Occasionally, ALM can present as an amelanotic or hypomelanotic lesion. These are difficult to diagnose as they often mimic benign diseases such as warts or calluses.
Subungual melanoma arises from the nail matrix and usually presents as a longitudinal brown or black band in the fingernail or toenail. It may be associated with nail dystrophy. Involvement of the proximalnail fold (Hutchinson’s sign) is considered a clue to the diagnosis.
How do clinical features vary in differing types of skin?
Clinical features do not vary significantly between skin types. It may be more difficult to visualise naevus structure on dermoscopy in darker skin types, appearing as a more homogenous colour.
What are the complications of acral lentiginous melanoma?
Lack of features typical of acral naevi (fibrillary, lattice-like, parallel furrow patterns)
Blotches
Asymmetry
Multiple colours
Diffuse pigmentation of the nail/stripes on the nail/nail ulceration.
Definitive diagnosis is made with histopathology after excision or biopsy of the lesion. Staging is conducted as for any other cutaneous melanoma, with histopathological features such as Breslow depth, ulceration, and sentinel lymph node status.

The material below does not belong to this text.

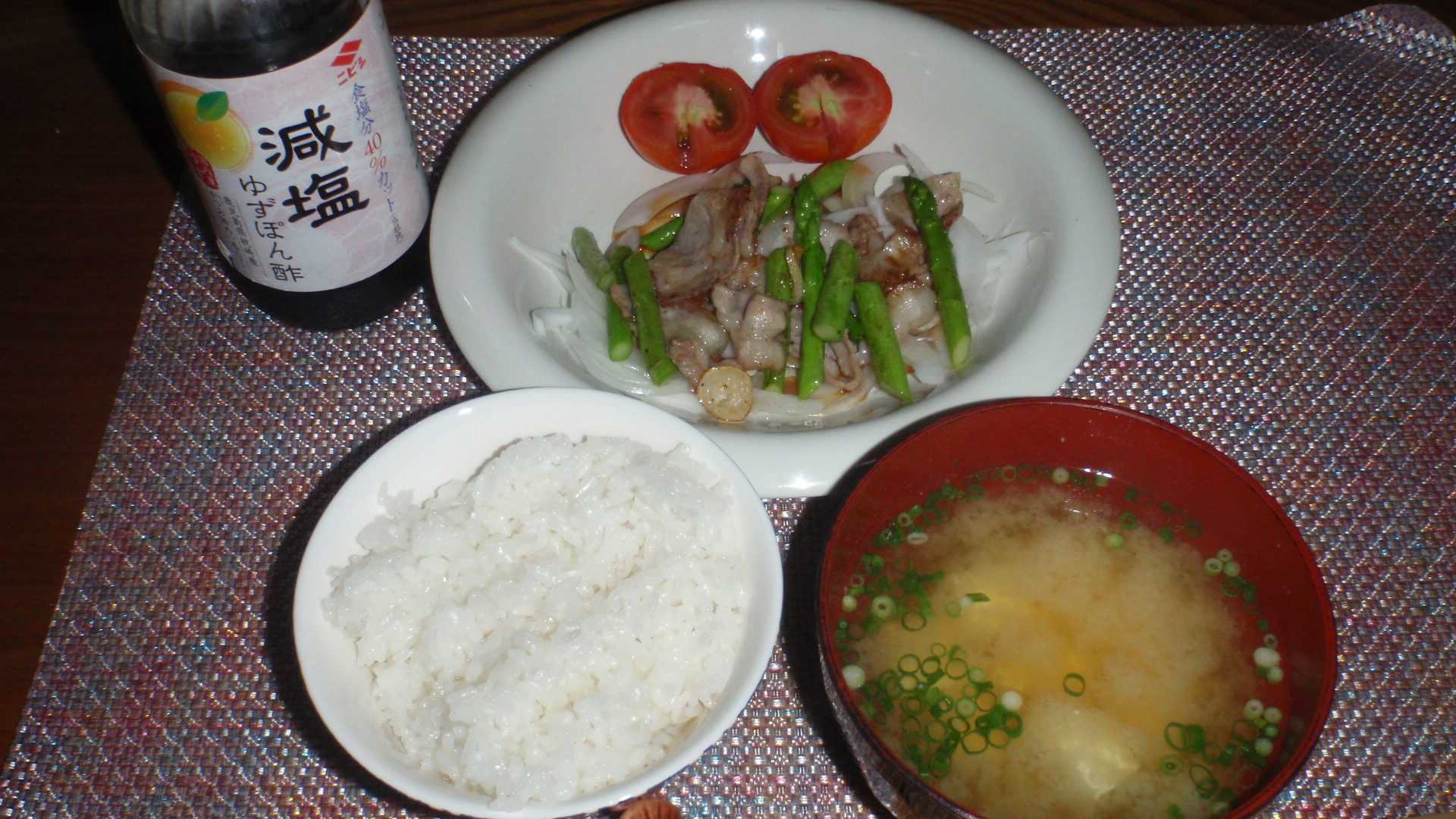 夕方スーパーに買い物に行き、アスパラガスが8本198円(税別)だったのでかごに入れる。アスパラガスと言えば豚バラ巻きだと豚バラの薄切りも一緒に買ったのだが、家に帰って豚バラのパックを開けたら思った以上に1枚が短かった。この長さならばアスパラを巻くには2枚の豚バラが必要だ。豚バラを途中でつないでもいけると思うのだが、今夜はアスパラと豚バラをバラバラに切って、ニンニクと共に炒めてコショウとやさ塩をパラっと打つ。タイトルはアスパラを1本・豚バラを1枚で使わずにバラバラに切ったからね。昨日作ったオニスラの上にアスパラと豚バラのパラバラを乗せて、父が作ったトマトを添える。アスバラには塩コショウを打ったが、下のオニスラのために(減塩)ゆずぽんを振る。今日の酒のアテは充填豆腐で冷奴だったが、その1/4をみそ汁の具にした。みそ汁の具を用意した以上、いつもはみそ汁までは必要なかったというところだが、今夜はちゃんとみそ汁を作る。スーパーに行ったついでに、買いたいものがあったのでダ〇ソーに寄る。目的のものを買って、他に買い忘れた物はないかと店内を見回っていたら、ハウス食品のシャービックを見つける。思わず手に取ろうかとしたがギリギリ思いとどまった。同じハウス食品の製品でも、プリンミクスやフルーチェにはそそられないが、シャービックと今ではアサヒの子会社だが濃縮カルピスは、夏をイメージする特別なものだ。今回は買うのを思いとどまったが、これだけの事件事故が起こっている世の中で、俺が来年の夏まで生きている保証はどこにもないんだよね。もし万が一のことがあって、薄れ行く意識の中で「シャービックを食わなかったことだけが無念じゃ」となったら死んでも死にきれないので、生きているうちに作って食うべきかも。

Histological features of ALM include an asymmetricalproliferation of melanocytes at the dermoepidermal junction.
What is the differential diagnosis for acral lentiginous melanoma?

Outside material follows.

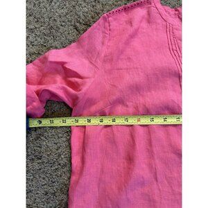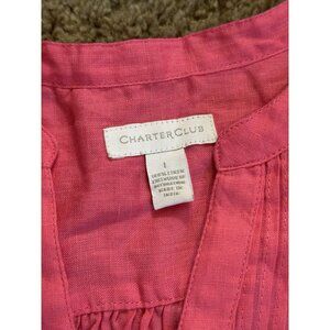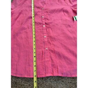 NWT CHARTER CLUB Pink 100% Linen button Front Blouse Top Roll Tab Sleeve LARGE

The differential diagnosis for acral lentiginous melanoma is broad and includes the following:
Amelanocytic or hypomelanocytic lesions may mimic benign diseases such as warts, calluses, or benign tumours such as poromas.
What is the treatment for acral lentiginous melanoma?
General measures
Education of health professionals and the public.

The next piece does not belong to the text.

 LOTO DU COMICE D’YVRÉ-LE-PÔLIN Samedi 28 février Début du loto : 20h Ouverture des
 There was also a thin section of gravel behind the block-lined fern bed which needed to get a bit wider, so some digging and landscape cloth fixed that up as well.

Regular skin examinations.
Multidisciplinary management with a podiatrist and occupational therapist where available.
Specific measures
The mainstay of treatment for acral lentiginous melanoma (ALM) is wide local excision. Further treatment depends mainly on the Breslow thickness of the lesion.
After initial excision biopsy, the radial excision margins, measured clinically from the edge of the melanoma, are:
In-situ lesions: 0.5–1 cm margin
Breslow depth <1 mm: 1 cm margin
Breslow depth 1–2mm: 1–2 cm margin
Breslow depth >2mm: 2 cm margin.
A skin graft or a flap may be needed to close the wound, or in some cases, partial amputation of a digit.
If further treatment is required following excision, this may involve radiotherapy or immunotherapy.
Acral lentiginous melanoma appears to respond less well to combined ipilimumab-nivolumab (IPI-NIVO; two immune checkpoint inhibitors) than other melanomas.
How do you prevent acral lentiginous melanoma?
While there are no known preventative strategies, regular skin checks and general sun protection are recommended. Any new lesions noted on the palms, soles, or under the nails should be reviewed by a medical professional.
What is the outcome for acral lentiginous melanoma?
Compared with cutaneous melanoma, most studies suggest that acral lentiginous melanoma has a poorer prognosis, with diagnosis often occurring at a more advanced clinical stage. It is unclear if this is solely due to delay in ALM detection due to the difficulty in monitoring such sites (eg, soles of the feet), or is also a consequence of genetic and biological differences that promote tumour aggressiveness.
The outcome of ALM depends primarily on Breslow thickness of the lesion and staging, including sentinel lymph node involvement. Other factors that may influence prognosis include age and gender.